### Task description:
Transcribe, starting at the line with "Grazing zebras and warthog" and ending at the line with "K0645 English antique", every line of the material below exactly, but leave out the pictures and anything outside that span.

### Given entries:
+ + + +
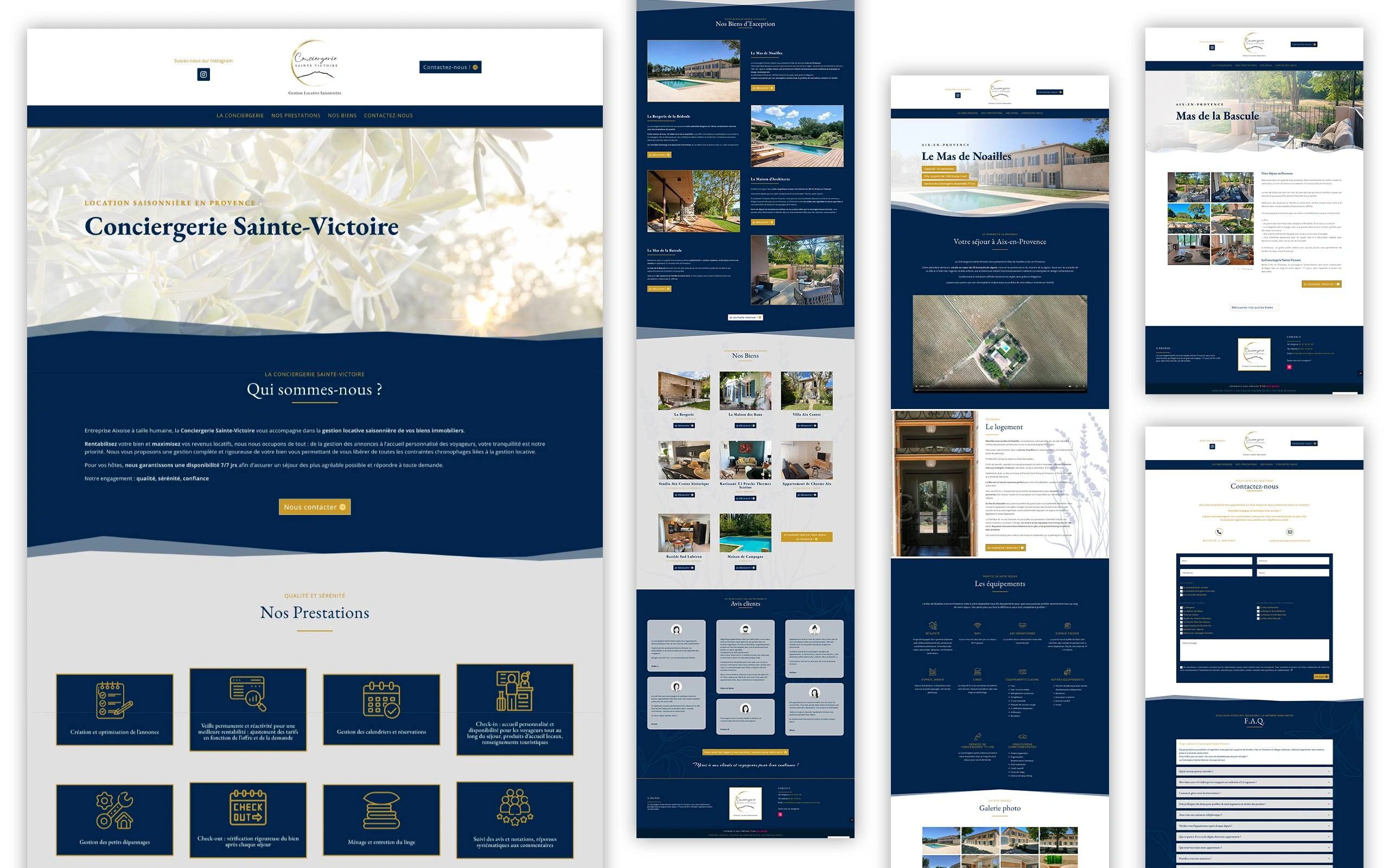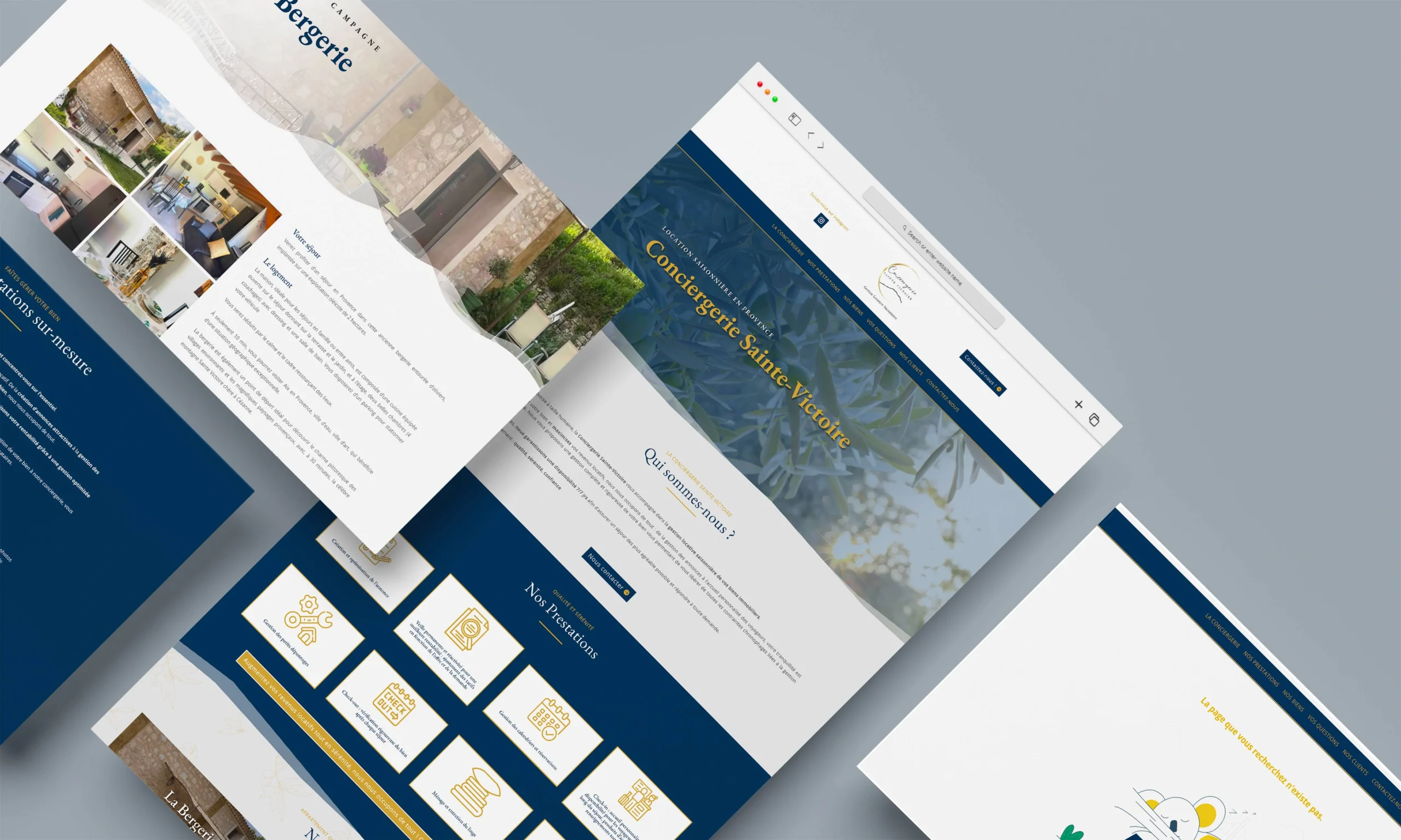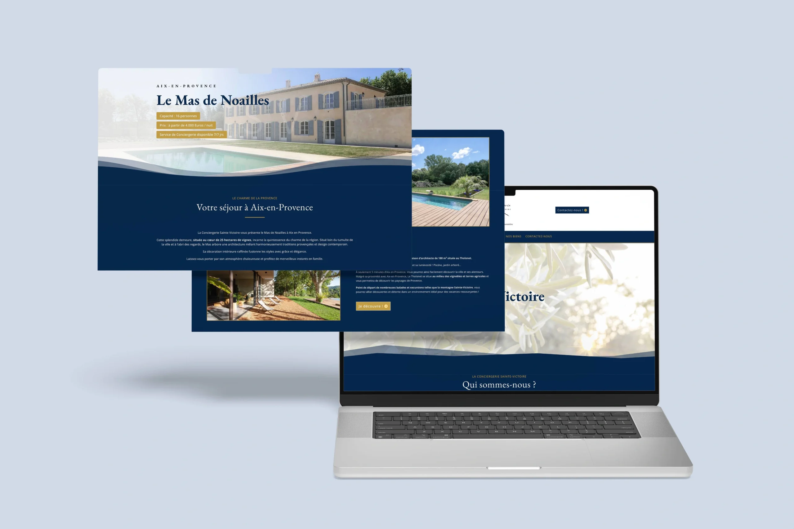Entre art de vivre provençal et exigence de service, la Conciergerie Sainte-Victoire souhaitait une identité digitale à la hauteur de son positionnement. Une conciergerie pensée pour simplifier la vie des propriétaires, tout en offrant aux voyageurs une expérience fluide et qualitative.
+ + + +
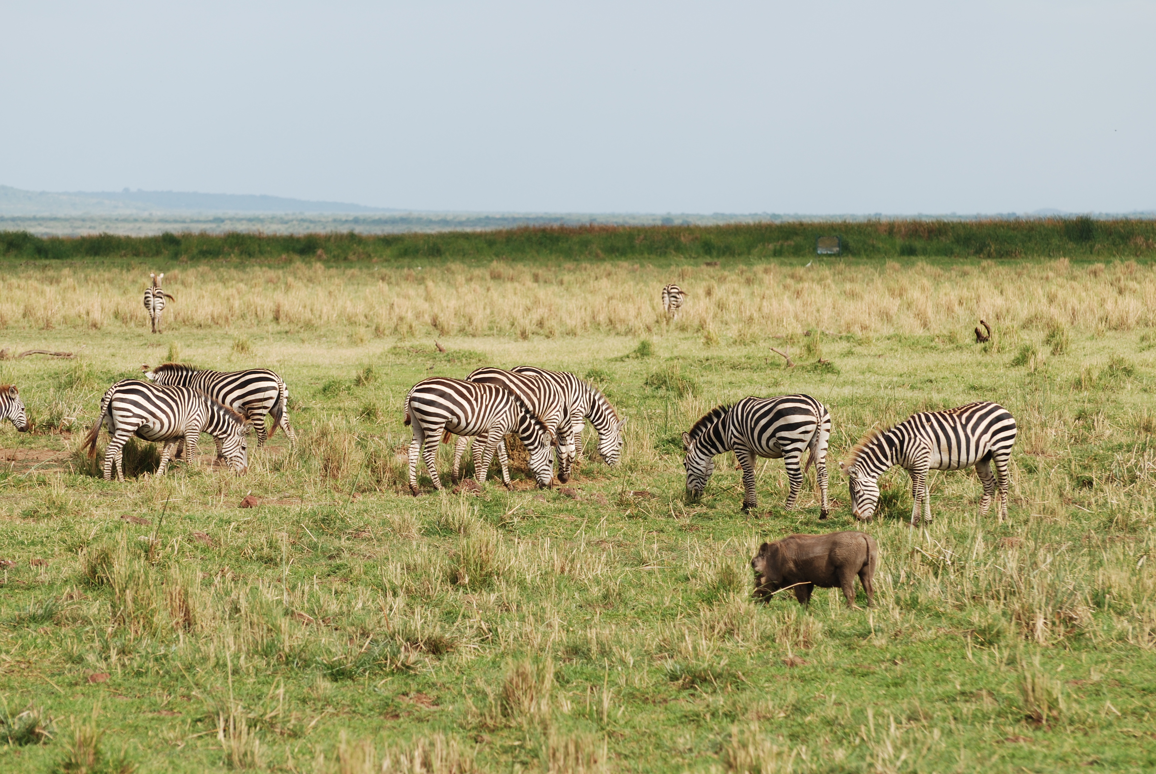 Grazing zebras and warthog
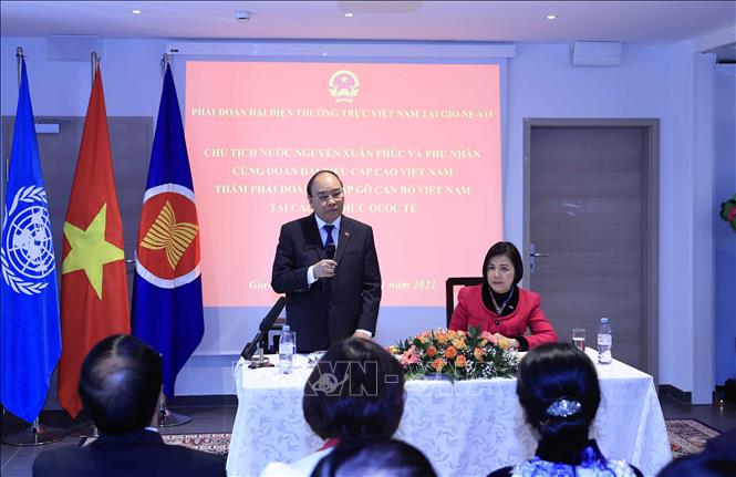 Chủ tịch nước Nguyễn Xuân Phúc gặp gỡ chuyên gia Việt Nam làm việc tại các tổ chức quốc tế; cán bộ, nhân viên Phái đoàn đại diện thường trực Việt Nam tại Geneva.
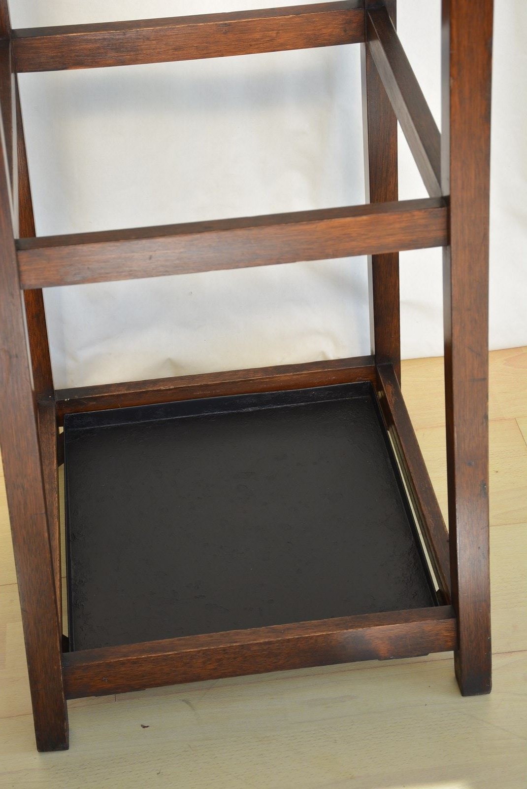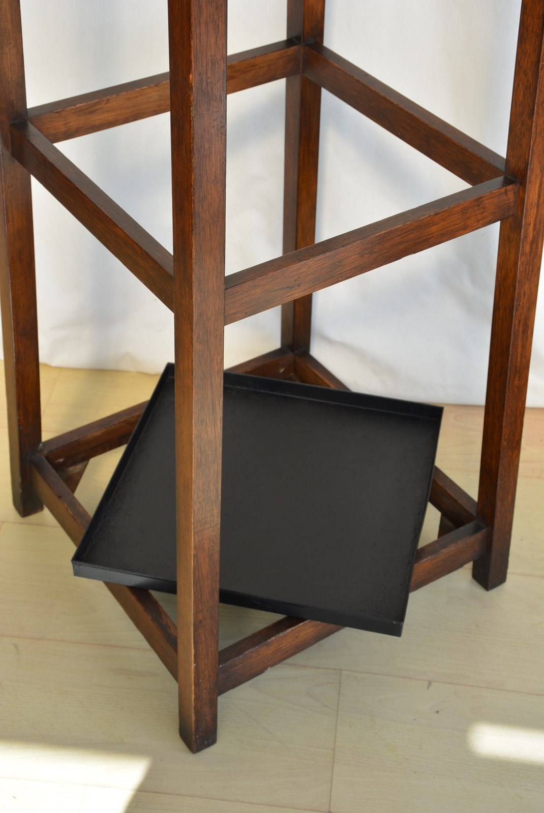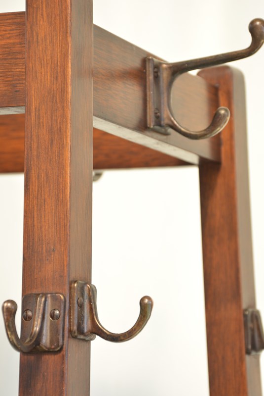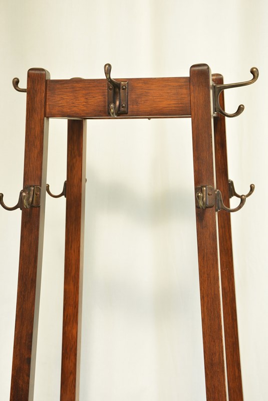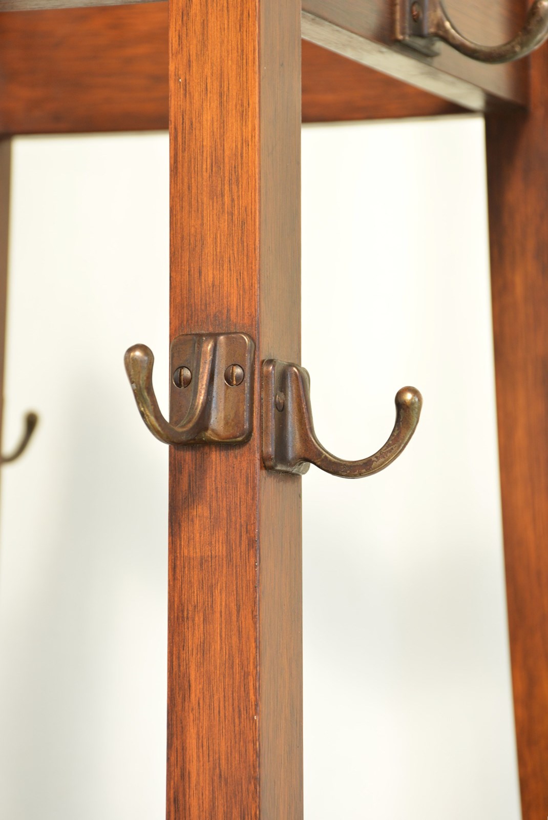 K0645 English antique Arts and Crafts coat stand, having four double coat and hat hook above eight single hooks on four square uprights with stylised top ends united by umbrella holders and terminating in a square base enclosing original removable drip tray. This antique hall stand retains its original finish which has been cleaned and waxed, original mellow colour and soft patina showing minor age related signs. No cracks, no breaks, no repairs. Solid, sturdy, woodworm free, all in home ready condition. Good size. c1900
+ + + +
### Task answer:
 Grazing zebras and warthog
 Chủ tịch nước Nguyễn Xuân Phúc gặp gỡ chuyên gia Việt Nam làm việc tại các tổ chức quốc tế; cán bộ, nhân viên Phái đoàn đại diện thường trực Việt Nam tại Geneva.
 K0645 English antique Arts and Crafts coat stand, having four double coat and hat hook above eight single hooks on four square uprights with stylised top ends united by umbrella holders and terminating in a square base enclosing original removable drip tray. This antique hall stand retains its original finish which has been cleaned and waxed, original mellow colour and soft patina showing minor age related signs. No cracks, no breaks, no repairs. Solid, sturdy, woodworm free, all in home ready condition. Good size. c1900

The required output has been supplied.